Work to be completed
Beginning with the line that holds "當?shù)貢r間7月7日,俄羅斯斯維爾" and ending with the last line of the entries, please output each line exactly, apart from any pictures.

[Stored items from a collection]

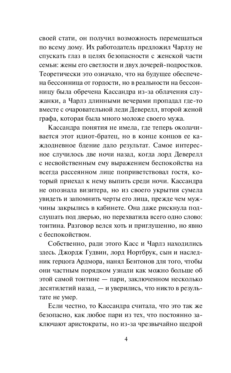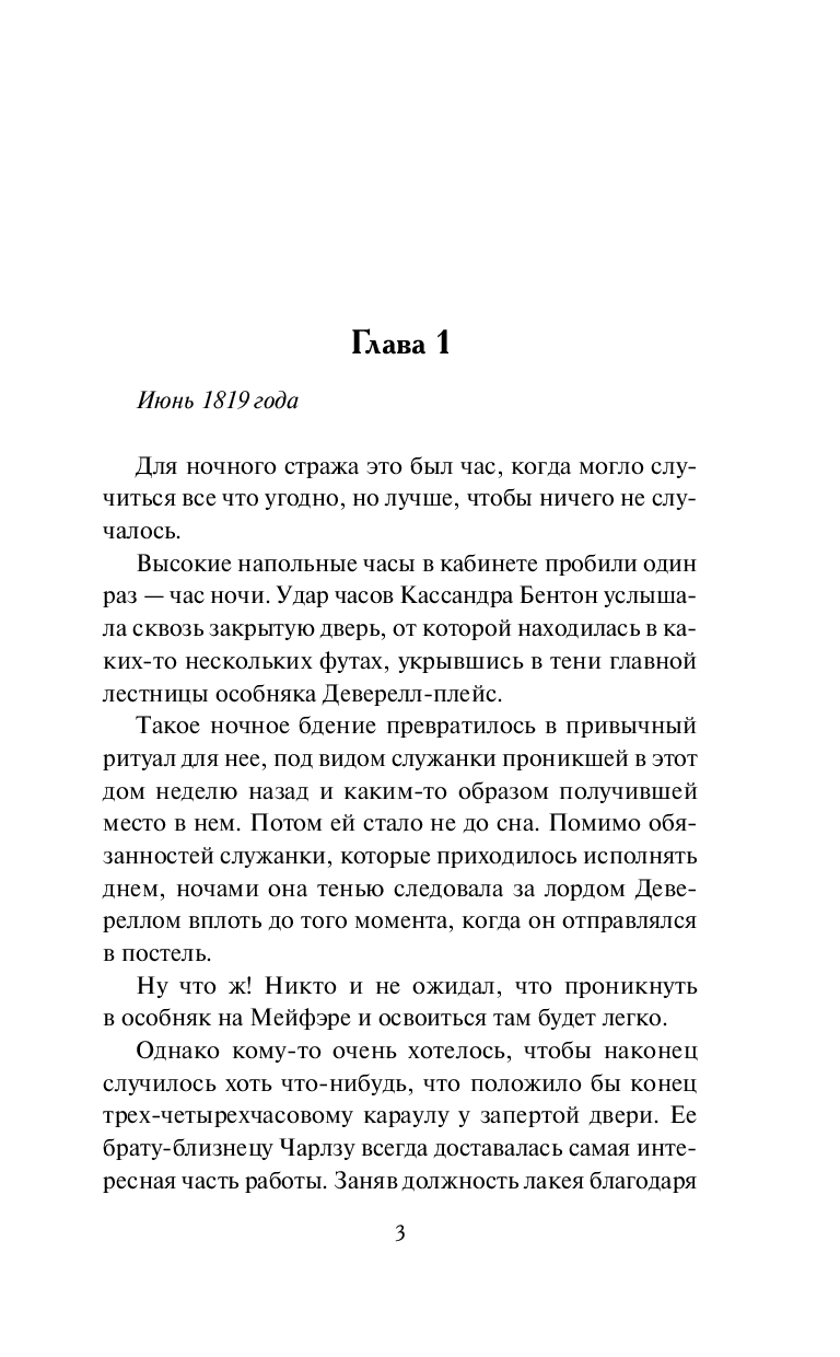 Умная и проницательная Кассандра Бентон с детства мечтала стать служителем закона, прямо как ее брат-близнец Чарлз. Поскольку в Англии эпохи Регентства полицейское дело было недоступно женщинам, Касс приходилось помогать брату с его расследованиями из-за кулис. Однажды Бентоны выручили семью Нортбрук, и маркиз Джордж Гудвин так и не забыл красавицу-следователя.
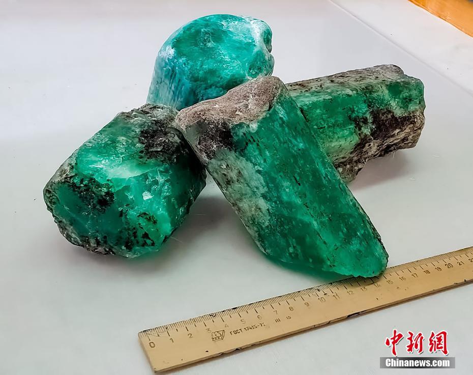 當?shù)貢r間7月7日,俄羅斯斯維爾德洛夫斯克州,俄羅斯國家技術(shù)集團在馬林斯克礦區(qū)內(nèi)發(fā)現(xiàn)總重量達4.8公斤的4塊綠寶石,是最近20年來發(fā)現(xiàn)的同類品質(zhì)中最大的寶石。圖片來源:視覺中國
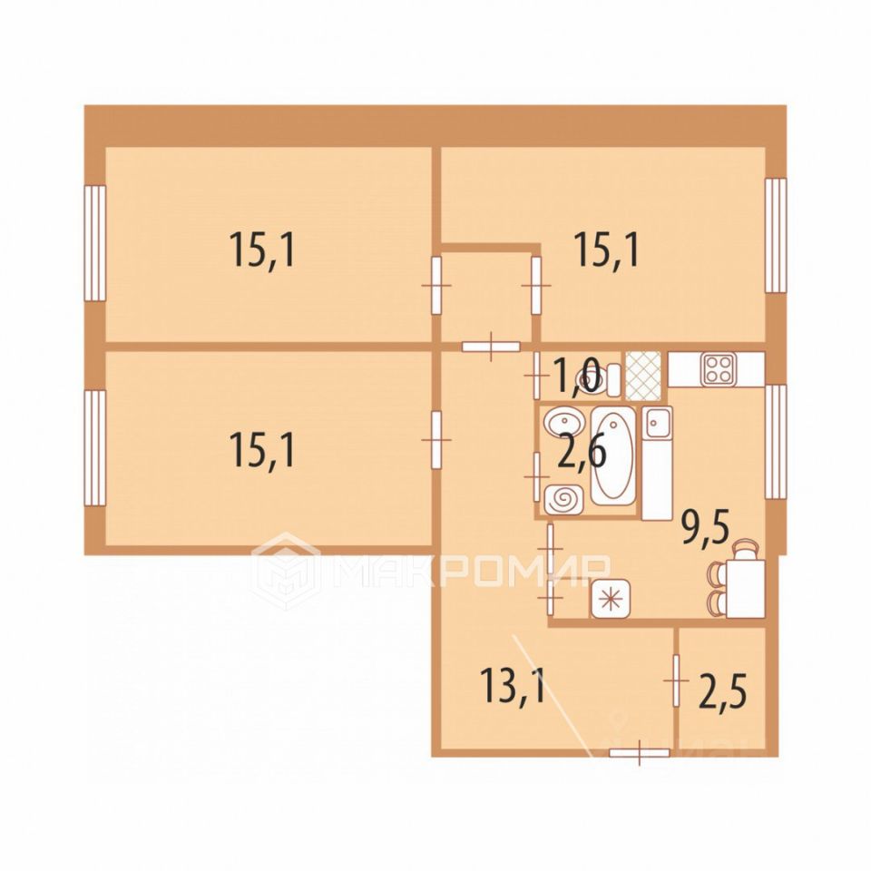 - просторные изолированные комнаты по 15,1 кв.м.
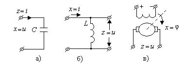 Примерами такого звена могут служить электрическая емкость (рис. 29 а), индуктивность (б), тахогенератор (в).
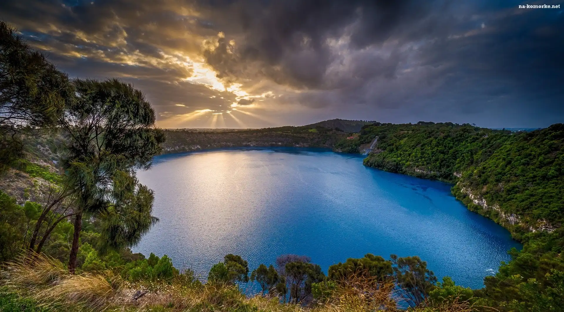 Przebijające światło, Australia, Jezioro Blue Lake, Drzewa, Chmury na Komórkę

Output for this task
 當?shù)貢r間7月7日,俄羅斯斯維爾德洛夫斯克州,俄羅斯國家技術(shù)集團在馬林斯克礦區(qū)內(nèi)發(fā)現(xiàn)總重量達4.8公斤的4塊綠寶石,是最近20年來發(fā)現(xiàn)的同類品質(zhì)中最大的寶石。圖片來源:視覺中國
 - просторные изолированные комнаты по 15,1 кв.м.
 Примерами такого звена могут служить электрическая емкость (рис. 29 а), индуктивность (б), тахогенератор (в).
 Przebijające światło, Australia, Jezioro Blue Lake, Drzewa, Chmury na Komórkę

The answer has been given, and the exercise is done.